Striding briskly out to the end of a 600-metre-long former industrial pier poking out into Lake Ontario, Fabio Mazzocco seems utterly indifferent to the driving rain and the gusting wind as he takes in the gray lapping water all around.
“It’s quite magical from all directions,” muses the Burlington developer, who plans to use this long-decommissioned hunk of Ontario’s energy infrastructure as the anchor of an ambitious mixed-use community that will unfold in south Mississauga, near Port Credit, over the next decade or so.
He points to a spot on out on the rugged concrete breakwater where snowy owls and migratory birds now alight. “It’s hard to say which view is the best.”
Earlier this year, Mr. Mazzocco’s firm, Argo Land Development, emerged as the winner of an auction that saw Ontario Power Generation sell off the former Lakeview Generating Station lands for $275-million. Lakeview Community Partners, the development consortium Argo heads, will spend the next 10 to 15 years cleaning up the site and building a lakefront hub with up to 8,000 residential units as well as hundreds of thousands of square feet of commercial, institutional and cultural amenities, all huddled on a striking but derelict swath of Mississauga’s waterfront.
According to Mr. Mazzocco and his planning team, the project – unprecedented in scale for the western GTA – will feature a range of residential formats, including mid-rise condos, towers up to 25 storeys and townhouses, as well as retail and other commercial uses. During extensive local consultations, area residents signed on to a plan that proposes significantly more density than would normally be found on a traditional suburban site, but also less than the cluster of high-rise towers that have sprung up around the mouth of the Humber River, in nearby Etobicoke.
The first occupancies are expected in 2023.
Municipal officials want the consortium to build affordable rental and ownership units, as well as an “innovation” corridor intended to attract the tech companies that have flocked to Mississauga in recent years. According to Andrew Whittemore, commissioner of planning and building, the Lakeview project will be a major growth node within a wider revitalization in the neglected region of southern Mississauga, tucked between Mimico and Port Credit, south of Lakeshore Road.
The property, in fact, is about halfway between two GO stations that have been targeted for intensification and will eventually be linked to a bus rapid-transit line along Lakeshore Road, as well as the Hurontario LRT going north into the commercial core of Mississauga. The entire area, Mr. Whittemore says, is meant to accommodate a significant amount of Mississauga’s future growth.
Part of the Lakeview deal involves a dedication of 67 acres of parkland to the municipality, including the pier, as well as land along the water’s edge and a former canal that served as a cooling structure for the generating plant. Peel Region and two conservation authorities are also building a wetland immediately to the east of the property, just south of a large water-treatment plant. A waterfront bike path, long routed around the generating-station site, will traverse the water’s edge and link to waterfront parks both to the east and the west.

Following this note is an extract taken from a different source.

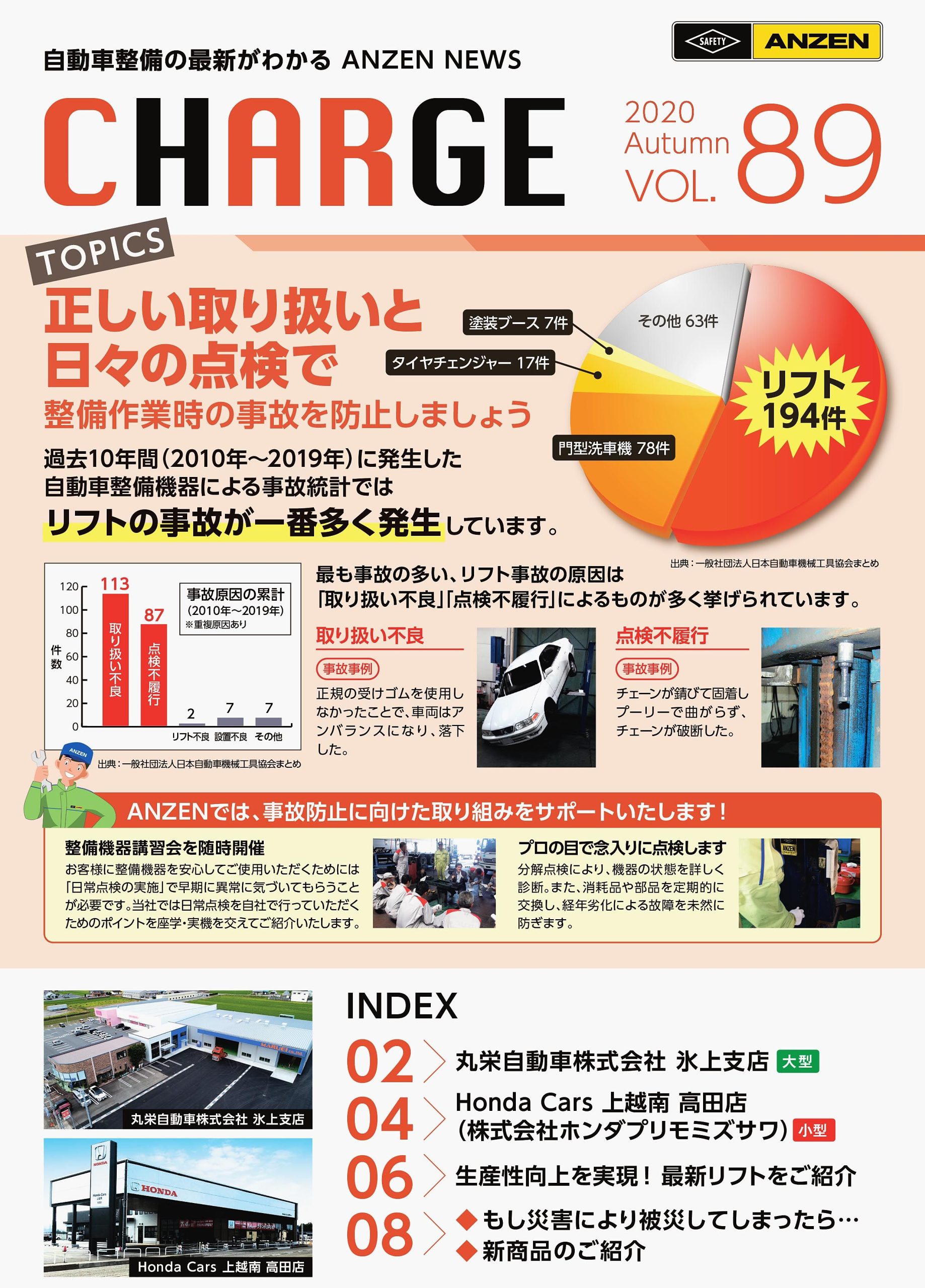機械工具商社大手の安全自動車(中谷宗平社長、東京都港区)は、季刊誌「チャージ オータムvol.89」を発行した=写真。整備作業時における事故防止に向けた自社の取り組みを紹介したほか、最新機器を導入した顧客のサービス工場として丸栄自動車、ホ...

The 177-acre property once housed Ontario’s second largest coal-fired power plant, whose towering smoke stacks, known locally as the Four Sisters, were first a symbol of the province’s postwar industrial ambition and later a major source of the the Greater Toronto Area’s smog problem. The pier was used for ships delivering holds full of coal.
After Dalton McGuinty’s Liberals phased out the polluting fuel in 2007, OPG demolished the iconic structure. But when provincial officials proposed a huge gas-fired generator for the property, Mississauga residents and local politicians hit the roof, with the blow-back triggering a intensely controversial cancellation on the eve of a provincial election. That move, and the simultaneous cancellation of another gas plant project in Oakville, ended up costing taxpayers $1.1-billion.
In the aftermath, a community group organized by Jim Tovey, a future south Mississauga city councillor, pushed hard to reclaim and redevelop the Lakeview lands – a process that led to an ambitious official plan amendment that lays out not only new urban uses but also allows for the possibility of sustainable infrastructure, such as district energy.
Tragically, Mr. Tovey died last January, just months before OPG completed the land sale. His successor, a former political aide named Stephen Dasko, is seen as fully supportive of the project. The wetland park will bear Mr. Tovey’s name.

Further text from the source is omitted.